++++ RECORDS TO USE

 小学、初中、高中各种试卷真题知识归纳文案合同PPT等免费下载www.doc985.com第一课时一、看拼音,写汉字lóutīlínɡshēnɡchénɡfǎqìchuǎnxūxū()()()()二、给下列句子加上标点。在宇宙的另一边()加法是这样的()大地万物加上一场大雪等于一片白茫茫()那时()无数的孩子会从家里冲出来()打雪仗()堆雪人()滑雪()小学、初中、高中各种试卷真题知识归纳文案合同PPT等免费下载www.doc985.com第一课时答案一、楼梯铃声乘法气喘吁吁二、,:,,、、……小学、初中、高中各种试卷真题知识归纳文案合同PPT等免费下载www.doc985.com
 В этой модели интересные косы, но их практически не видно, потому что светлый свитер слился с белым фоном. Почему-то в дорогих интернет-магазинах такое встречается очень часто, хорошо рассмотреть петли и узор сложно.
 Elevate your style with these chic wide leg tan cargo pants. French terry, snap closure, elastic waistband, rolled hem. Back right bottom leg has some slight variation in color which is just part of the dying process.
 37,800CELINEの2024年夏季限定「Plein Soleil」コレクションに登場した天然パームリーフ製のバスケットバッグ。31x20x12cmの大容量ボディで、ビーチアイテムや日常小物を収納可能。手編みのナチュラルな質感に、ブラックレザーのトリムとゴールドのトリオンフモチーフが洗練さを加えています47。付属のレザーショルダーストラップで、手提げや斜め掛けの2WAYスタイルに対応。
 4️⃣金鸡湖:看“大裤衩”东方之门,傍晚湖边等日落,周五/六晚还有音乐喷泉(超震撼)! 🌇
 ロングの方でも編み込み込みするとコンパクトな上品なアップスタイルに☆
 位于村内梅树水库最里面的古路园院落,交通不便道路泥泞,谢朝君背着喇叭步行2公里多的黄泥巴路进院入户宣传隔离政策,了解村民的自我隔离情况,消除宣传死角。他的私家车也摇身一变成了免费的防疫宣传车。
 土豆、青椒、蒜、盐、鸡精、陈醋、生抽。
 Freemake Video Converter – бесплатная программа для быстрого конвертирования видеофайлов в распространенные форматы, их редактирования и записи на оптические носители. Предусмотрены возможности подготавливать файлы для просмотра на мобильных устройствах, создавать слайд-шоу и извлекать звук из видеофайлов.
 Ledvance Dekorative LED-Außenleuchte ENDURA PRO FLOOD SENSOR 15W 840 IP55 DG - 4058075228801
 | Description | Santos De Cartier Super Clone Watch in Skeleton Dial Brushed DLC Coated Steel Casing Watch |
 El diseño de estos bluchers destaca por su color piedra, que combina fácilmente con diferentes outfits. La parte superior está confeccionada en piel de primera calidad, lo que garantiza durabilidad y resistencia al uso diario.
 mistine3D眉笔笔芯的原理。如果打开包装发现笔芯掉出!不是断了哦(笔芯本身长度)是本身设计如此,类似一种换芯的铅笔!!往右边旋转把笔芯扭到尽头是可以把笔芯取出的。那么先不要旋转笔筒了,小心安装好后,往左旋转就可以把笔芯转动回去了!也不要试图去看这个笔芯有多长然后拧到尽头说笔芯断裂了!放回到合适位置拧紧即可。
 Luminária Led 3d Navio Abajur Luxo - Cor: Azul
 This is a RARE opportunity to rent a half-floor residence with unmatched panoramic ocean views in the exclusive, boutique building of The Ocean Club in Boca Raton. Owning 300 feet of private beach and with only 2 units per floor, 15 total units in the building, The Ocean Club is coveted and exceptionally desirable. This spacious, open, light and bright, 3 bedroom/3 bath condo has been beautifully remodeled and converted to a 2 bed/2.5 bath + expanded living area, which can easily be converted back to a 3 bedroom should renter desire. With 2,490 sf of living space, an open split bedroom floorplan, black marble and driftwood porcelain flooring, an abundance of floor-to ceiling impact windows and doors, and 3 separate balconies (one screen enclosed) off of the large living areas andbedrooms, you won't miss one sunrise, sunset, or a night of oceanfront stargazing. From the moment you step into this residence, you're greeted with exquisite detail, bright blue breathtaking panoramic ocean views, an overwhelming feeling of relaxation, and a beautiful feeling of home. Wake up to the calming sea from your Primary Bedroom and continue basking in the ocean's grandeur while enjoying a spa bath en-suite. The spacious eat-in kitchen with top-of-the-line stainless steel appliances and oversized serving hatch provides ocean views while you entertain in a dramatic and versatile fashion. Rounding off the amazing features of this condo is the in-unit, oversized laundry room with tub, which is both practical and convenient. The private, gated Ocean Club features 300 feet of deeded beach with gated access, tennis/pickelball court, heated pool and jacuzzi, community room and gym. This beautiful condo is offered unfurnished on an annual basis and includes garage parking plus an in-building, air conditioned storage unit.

++++++++

WHAT YOU WILL DO: Note how many lines in the data above contain "color", then state that number alone.

OUTPUT FOR THIS EXERCISE: 2